An article by Chinese news portal Late Post titled “Evergrande’s Bizarre Story of Car-making” said Evergrande put on a show every time local officials visited its in Nansha district of Guangzhou city, and suggested that Evergrande had taken advantage of local governments’ favorable policies towards NEV projects to buy land for residential purpose at ultra-low prices.

“It purchased 11.3 million square meters of land for its NEV project but only about half can be used for industrial purposes. The remaining land is designated for residential, commercial or office building,” the report said.

Various recent local media reports said Evergrande’s EV project has encountered delays and government scrutiny.

In the meantime, China Evergrande, which holds a 75% stake in Evergrande New Energy Vehicle, jumped more than 8% on Monday at the EV firm’s fundraising plan, a move that analysts said could ease the group's financing woes.

CGS-CIMB Securities' China research head, Raymond Cheng, said the new fund would be enough for the business development of Evergrande New Energy Vehicle for the next 12 months, helping the parent company reduce further financing on the unit.

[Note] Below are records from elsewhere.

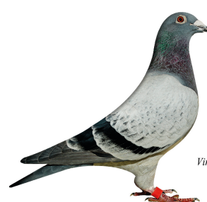
Vinder Klasse 3. 2014

Klasse 1 Lars F. Hansen, 111 Vejen 96,00 point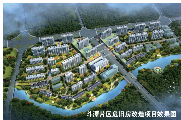
斗潭片区危旧房改造项目效果图

本报讯(特约记者 邵宗瀚 记者 亚明欣)“南孔圣地,衢州有礼。”在衢州的各个角落,记者看到最多的就是这八个字。伴随着绵绵春雨和满眼绿意,更让来到衢州的人们有了宾至如归的感觉。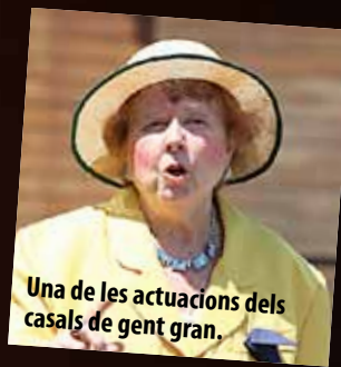
Una de les actuacions dels casals de gent gran.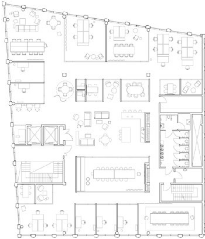
Plan 2. etasje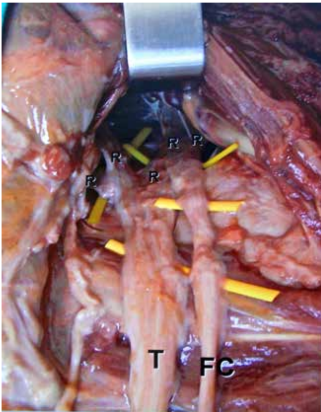
Figura 1 – Dissecção da região glútea do caso 1, observando-se os nervos tibial (T) e fibular comum (FC) independentes e suas raízes (R), com ausência do nervo ciático.

Apesar da variabilidade do local de divisão, nenhum dos artigos encontrados refere casos de ausência de nervo ciático, com origem e trajecto independente dos nervos tibial e fibular comum. Okraszewska, investigou as variações topográficas do nervo, referindo um caso em que o nervo tibial e fibular comum passam já isolados um do outro, inferiormente ao músculo piriforme. Contudo, não especifica se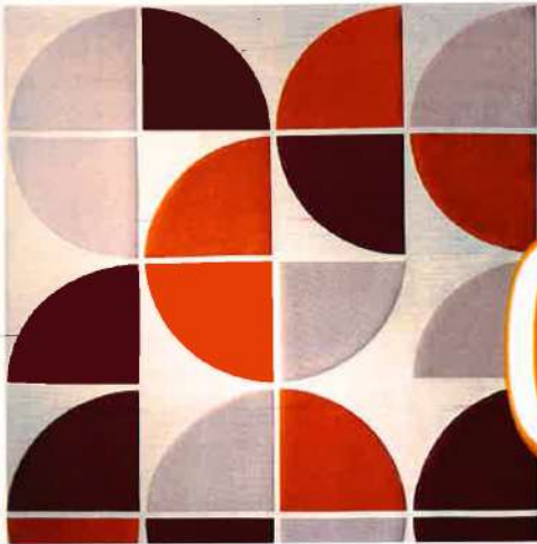
Jeu de cercles Tissu « Ocean Drive », en soie, L. 139 cm, 150,80 € le mètre, Misia.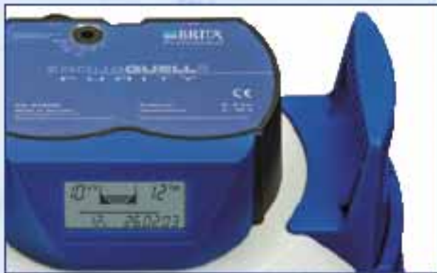
Druckbehälterdeckel mit Verschnitteinstellschraube und digitaler Anzegeeinheit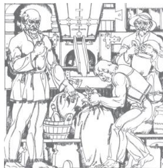
Де мливо й бирова...

Предків пісня тайним звором В буйстві трембітає, І співають гори хором, Скарб – Душа моя – аж сяє!

"Overall, it is another positive move for Evergrande to approach its orange or yellow category this year under the three red lines," Cheng said.


Investors have been concerned about cashflow at Evergrande as the country's most indebted property developer with interest-bearing indebtedness of about $110 billion at the end of last year scrambles to raise funds and cut debt in the face of tighter industry regulations.

Dubbed "the three red lines", Chinese regulators outlined caps on debt-to-cash, debt-to-assets and debt-to-equity ratios at a meeting last year, and developers would not be able to raise new debt if they are in the red category.

China Evergrande has vowed to cut debt by 20%, or 150 billion yuan, this year.

China Evergrande‘s stock rose about 4% last Monday after local media reported that its 61%-owned property management unit, also Hong Kong-listed, has vowed to more than double its area under management and increase its net profit by 50% this year. 

Spurred by the rise in demand for high-quality management services amid the Covid-19 pandemic, Evergrande Property had a stellar 2020 with its net profit skyrocketing 2.8 times to 2.6 billion yuan (US$400 million). 

Last Tuesday, China Evergrande jumped another 16% after the company said it would redeem billions of convertible bonds maturing in 2023.

China Evergrande’s EV unit reported a wider net loss of 2.46 billion yuan (US$380 million) in the first half of 2020 despite a 70% year-on-year growth in its revenues, which were 4.51 billion yuan ($697 million).